Under the licensing agreement, Everest Medicines Technology has obtained the exclusive license for the subsequent clinical development, registration, and commercialization of Lerodalcibep in Greater China and can use Haisco's related trademarks in Greater China without royalty fees. Everest Medicines Technology will pay an upfront payment of USD 29 million (approximately RMB 205 million), potential development and regulatory milestone payments of up to USD 30 million (approximately RMB 212 million), and potential sales milestone payments of up to USD 280 million (approximately RMB 1.977 billion); as well as potential royalties based on net sales.

Lerodalcibep, developed by the U.S. private company LIB Therapeutics, is a novel small-molecule protein-bound third-generation PCSK9 inhibitor used to reduce low-density lipoprotein cholesterol (LDL-C) levels in adult patients with hypercholesterolemia, including heterozygous familial hypercholesterolemia (HeFH). Lerodalcibep has been developed as a more patient-friendly and convenient once-monthly, small-volume subcutaneous injection, which can be easily stored or carried at home or while traveling. These features make Lerodalcibep a unique alternative to approved PCSK9 inhibitors.
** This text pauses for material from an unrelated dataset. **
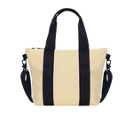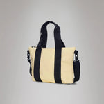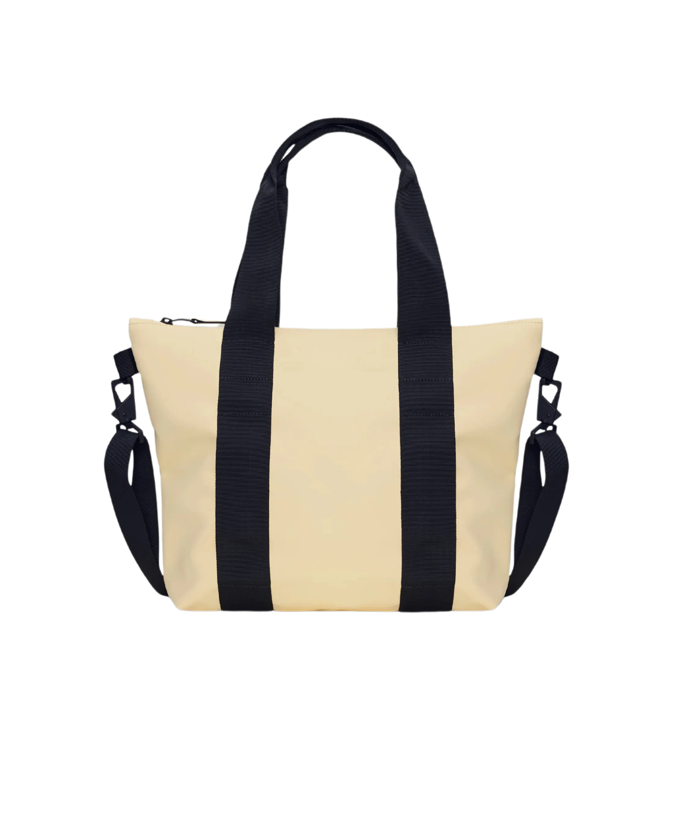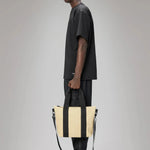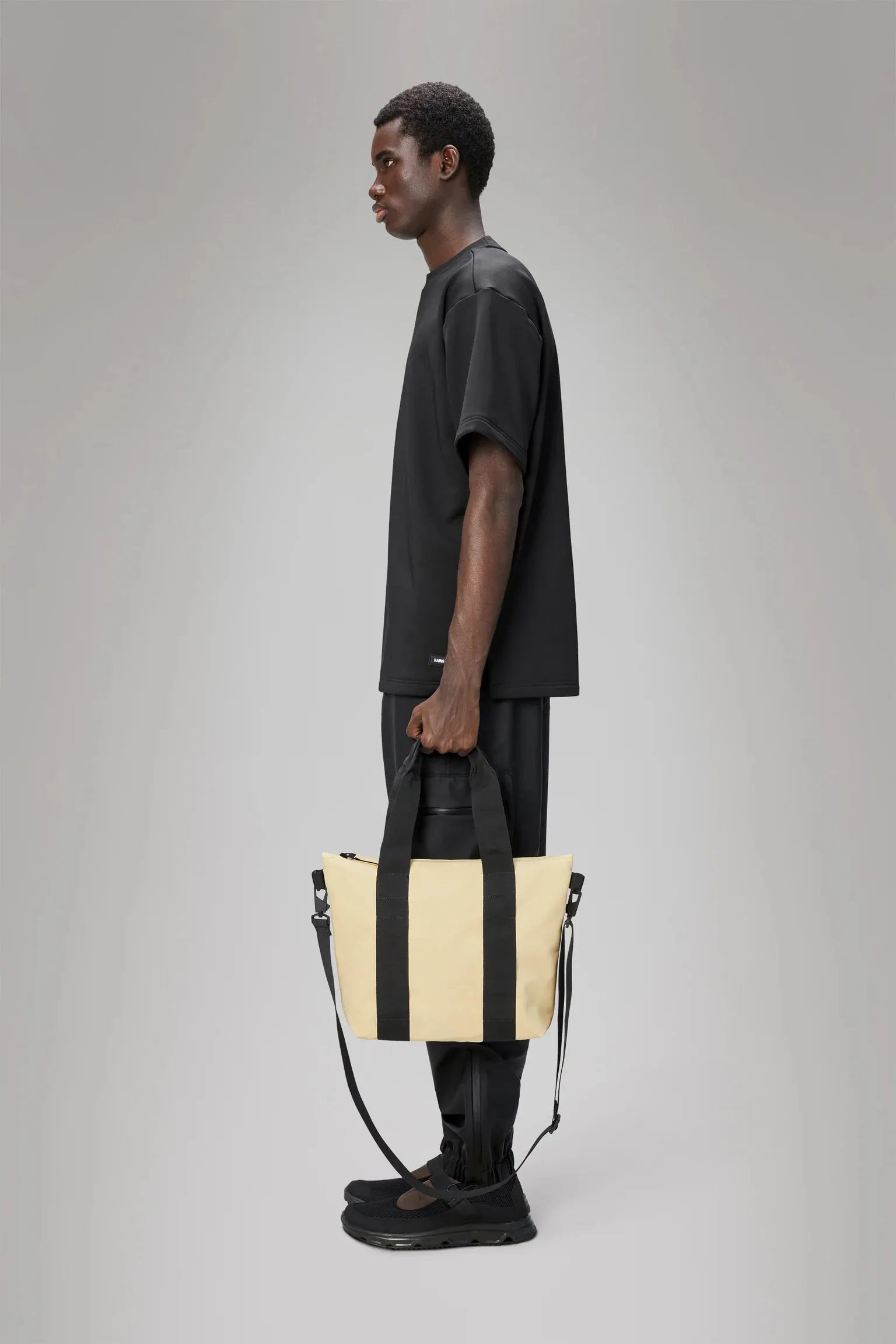 Die Micro Tote Bag aus dem charakteristischen wasserabweisenden Polyurethan-Gewebe von Rains bietet Haltbarkeit, Tragbarkeit und ein weiches Finish.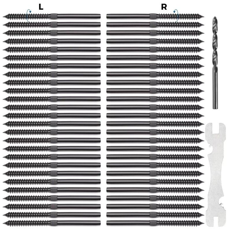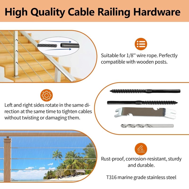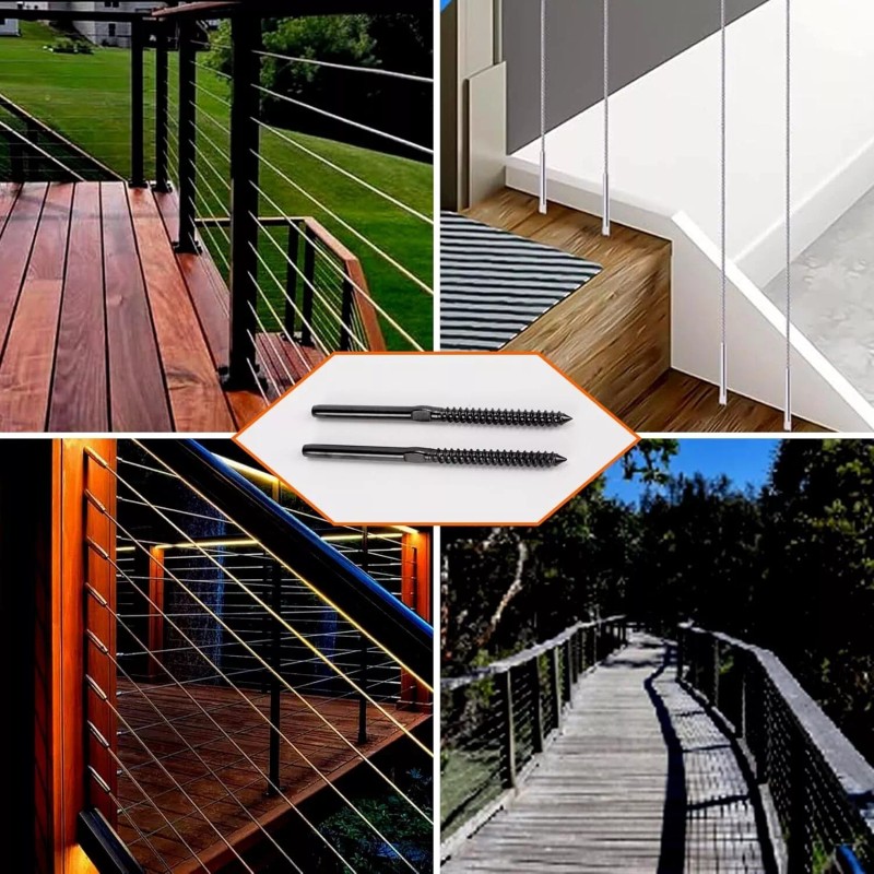 Compatible Cable: Designed for 1/8" OD cable in railing systems, the thread screws are ideal for timber or wood posts. With the right and left-hand thread design, the kit allows for easy tension adjustment, ensuring the cable remains securely in place without becoming loose or damaged.

Results from multiple global large-scale Phase III clinical trials involving more than 2,500 patients showed that Lerodalcibep can achieve sustained LDL-C reduction of >60% in patients with cardiovascular disease (CVD) or those at very high/high risk, and >55% in patients with more severe LDL-C elevation due to heterozygous familial hypercholesterolemia (FH). Additionally, the head-to-head clinical trial (Lerodalcibep vs. Inclisiran), the LIBerate-VI study, has achieved superior results (P=0.0319). The future launch of this product is expected to provide new treatment options for hundreds of millions of CVD patients worldwide, including approximately 30 million FH patients. The latest Chinese Phase III clinical trials further confirmed that this therapy can significantly reduce LDL-C levels in patients diagnosed with or at very high cardiovascular risk, including familial hypercholesterolemia.

Currently, several PCSK9 inhibitors have been approved in China, with the total market size reaching approximately RMB 3 billion in 2024, a year-on-year increase of 95%. According to a report by Frost & Sullivan, this market is expected to further expand to approximately RMB 10 billion by 2030. Although the population with dyslipidemia in China is about 400 million, only about 14% receive lipid-lowering treatment, reflecting low penetration and significant unmet medical needs. Lerodalcibep's patent exclusivity in China lasts until 2039.

According to public information, the product has submitted marketing applications to the U.S. Food and Drug Administration (FDA) and the European Medicines Agency (EMA) and is expected to submit a Biologics License Application (BLA) in Greater China in the first half of 2026, with the earliest approval and launch expected in 2027.

Everest Medicines positions Lerodalcibep as a "key engine for business growth" and regards it as a "key weight" in its innovative drug layout. This move is seen as a precise implementation of the company's strategy to focus on high-potential "blue ocean" areas and rapidly build a high-value product portfolio through BD collaborations, significantly enriching the late-stage pipeline.

Market views generally believe that these two agreements achieve a balance of "short-term returns and clear medium- to long-term growth." Everest Medicines can leverage its established integrated medical, market access, and sales synergy system to efficiently output commercial capabilities, improve resource utilization efficiency, and further validate the scalability and operational resilience of its commercialization platform to the market, demonstrating high-efficiency and sustainable growth potential.